**RECORD EXTRACTS**
▬▬▬▬▬▬

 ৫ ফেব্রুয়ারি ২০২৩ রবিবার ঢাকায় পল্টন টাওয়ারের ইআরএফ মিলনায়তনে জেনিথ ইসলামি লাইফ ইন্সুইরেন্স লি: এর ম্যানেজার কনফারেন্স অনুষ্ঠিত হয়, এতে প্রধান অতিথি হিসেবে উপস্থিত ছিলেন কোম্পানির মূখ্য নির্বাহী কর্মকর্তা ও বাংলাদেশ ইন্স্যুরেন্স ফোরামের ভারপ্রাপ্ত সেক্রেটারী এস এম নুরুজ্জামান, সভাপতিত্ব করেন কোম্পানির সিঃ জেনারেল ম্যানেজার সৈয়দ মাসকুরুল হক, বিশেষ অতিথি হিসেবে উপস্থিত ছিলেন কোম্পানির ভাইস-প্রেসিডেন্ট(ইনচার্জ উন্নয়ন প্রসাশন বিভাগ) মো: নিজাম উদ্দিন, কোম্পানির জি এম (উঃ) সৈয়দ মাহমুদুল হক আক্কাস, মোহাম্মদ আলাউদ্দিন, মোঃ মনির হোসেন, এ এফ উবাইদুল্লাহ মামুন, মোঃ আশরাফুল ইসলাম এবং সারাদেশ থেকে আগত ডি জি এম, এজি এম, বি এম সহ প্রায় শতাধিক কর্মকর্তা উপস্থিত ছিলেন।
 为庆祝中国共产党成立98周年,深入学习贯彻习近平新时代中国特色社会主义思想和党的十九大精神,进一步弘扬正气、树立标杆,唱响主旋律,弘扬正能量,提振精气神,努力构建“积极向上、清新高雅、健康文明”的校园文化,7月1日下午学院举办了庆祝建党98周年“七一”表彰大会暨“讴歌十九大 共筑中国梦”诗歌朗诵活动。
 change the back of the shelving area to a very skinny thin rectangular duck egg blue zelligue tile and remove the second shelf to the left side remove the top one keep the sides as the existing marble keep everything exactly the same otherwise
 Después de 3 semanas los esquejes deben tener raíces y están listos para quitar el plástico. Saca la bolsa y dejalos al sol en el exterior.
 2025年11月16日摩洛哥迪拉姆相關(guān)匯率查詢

▬▬▬▬▬▬

The answer consists only of the lines from the one containing "change the back" to the end of the records, each written out exactly.

 change the back of the shelving area to a very skinny thin rectangular duck egg blue zelligue tile and remove the second shelf to the left side remove the top one keep the sides as the existing marble keep everything exactly the same otherwise
 Después de 3 semanas los esquejes deben tener raíces y están listos para quitar el plástico. Saca la bolsa y dejalos al sol en el exterior.
 2025年11月16日摩洛哥迪拉姆相關(guān)匯率查詢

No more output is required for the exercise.